The module is designed to work with pre-computed embeddings stored in numpy arrays and uses efficient tensor operations for similarity calculations.

FUNCTION	DESCRIPTION
`load_model_and_embeddings`	Loads model, dataset and embeddings for similarity search
`calculate_similarities`	Computes semantic similarities between descriptions
`save_evaluation_results`	Logs evaluation results with timestamps and metadata

calculate_similarities ¶

calculate_similarities(model: SentenceTransformer, df: DataFrame, synopsis_columns: List[str], embeddings_save_dir: str, new_description: str, top_n: int = 10) -> List[Dict[str, Any]]

Find semantically similar titles by comparing embeddings.

Calculates cosine similarities between a new description's embedding and pre-computed embeddings from the dataset. Returns the top-N most similar titles, removing duplicates across different synopsis columns.

PARAMETER	DESCRIPTION
`model`	Model to encode the new description TYPE: `SentenceTransformer`
`df`	Dataset containing titles and synopses TYPE: `DataFrame`
`synopsis_columns`	Columns containing synopsis text TYPE: `List[str]`
`embeddings_save_dir`	Directory containing pre-computed embeddings TYPE: `str`
`new_description`	Description to find similar titles for TYPE: `str`
`top_n`	Number of similar titles to return. Defaults to 10. TYPE: `int` DEFAULT: `10`

RETURNS	DESCRIPTION
`List[Dict[str, Any]]`	List[Dict[str, Any]]: Top similar titles, each containing: - rank: Position in results (1-based) - title: Title of the anime/manga - synopsis: Plot description/synopsis - similarity: Cosine similarity score - source_column: Column the synopsis came from

RAISES	DESCRIPTION
`ValueError`	If no valid embeddings are found in embeddings_save_dir

Source code in src/test.py

def calculate_similarities(
    model: SentenceTransformer,
    df: pd.DataFrame,
    synopsis_columns: List[str],
    embeddings_save_dir: str,
    new_description: str,
    top_n: int = 10,
) -> List[Dict[str, Any]]:
    """
    Find semantically similar titles by comparing embeddings.

    Calculates cosine similarities between a new description's embedding and
    pre-computed embeddings from the dataset.
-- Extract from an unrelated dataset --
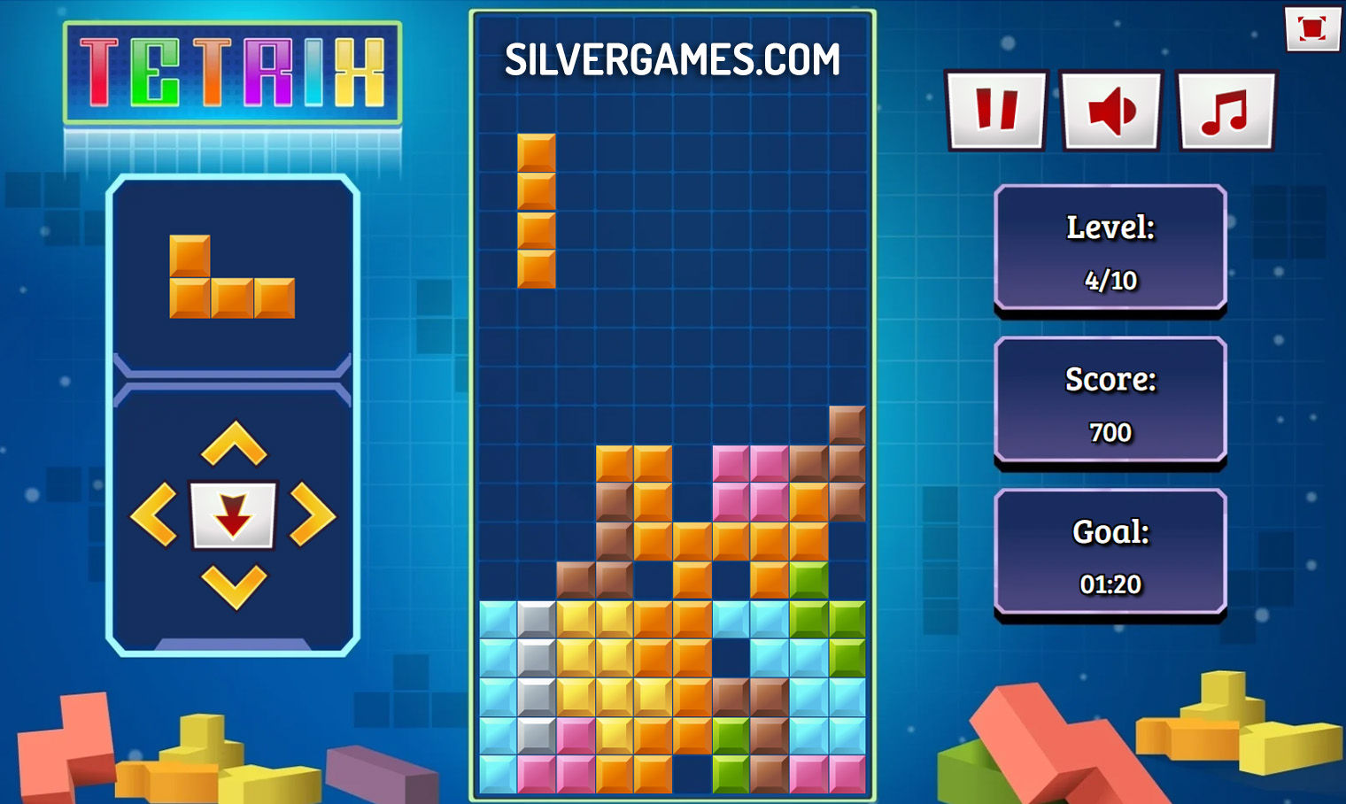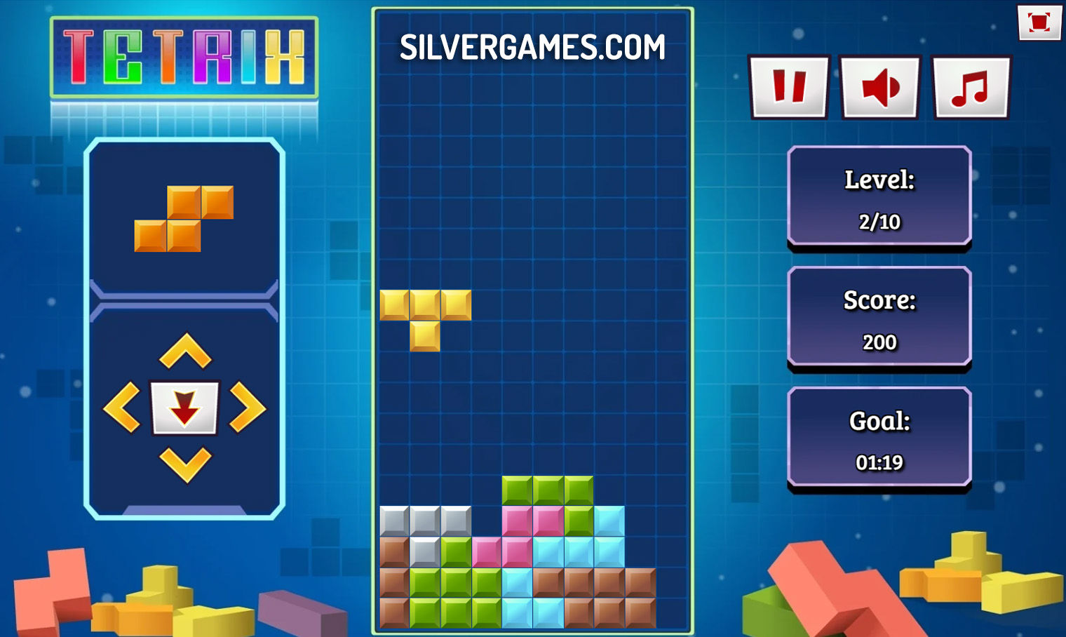 随着您的进步,尝试打破最高分,收集成就,并确保在排行榜上占有一席之地。游戏中有十个难度逐渐增加的激动人心的关卡,您需要敏锐的解谜技巧和明确的策略才能征服这个充满活力的谜题世界。您有能力成为最终的 Tetrix 冠军吗?现在就来了解一下,并在 Silvergames.com 上免费在线玩 Tetrix 吧!

Returns the top-N most similar
    titles, removing duplicates across different synopsis columns.

    Args:
        model (SentenceTransformer): Model to encode the new description
        df (pd.DataFrame): Dataset containing titles and synopses
        synopsis_columns (List[str]): Columns containing synopsis text
        embeddings_save_dir (str): Directory containing pre-computed embeddings
        new_description (str): Description to find similar titles for
        top_n (int, optional): Number of similar titles to return. Defaults to 10.

    Returns:
        List[Dict[str, Any]]: Top similar titles, each containing:
            - rank: Position in results (1-based)
            - title: Title of the anime/manga
            - synopsis: Plot description/synopsis
            - similarity: Cosine similarity score
            - source_column: Column the synopsis came from

    Raises:
        ValueError: If no valid embeddings are found in embeddings_save_dir
    """
    processed_description = common.preprocess_text(new_description)
    new_pooled_embedding = model.encode(
        [processed_description], convert_to_tensor=True, device="cpu"
    )

    cosine_similarities_dict = {}
    for col in synopsis_columns:
        embeddings_file = os.path.join(
            embeddings_save_dir, f"embeddings_{col.replace(' ', '_')}.npy"
        )
        if not os.path.exists(embeddings_file):
            print(f"Embeddings file not found for column '{col}': {embeddings_file}")
            continue

        existing_embeddings = np.load(embeddings_file)
        existing_embeddings_tensor = torch.tensor(existing_embeddings).to("cpu")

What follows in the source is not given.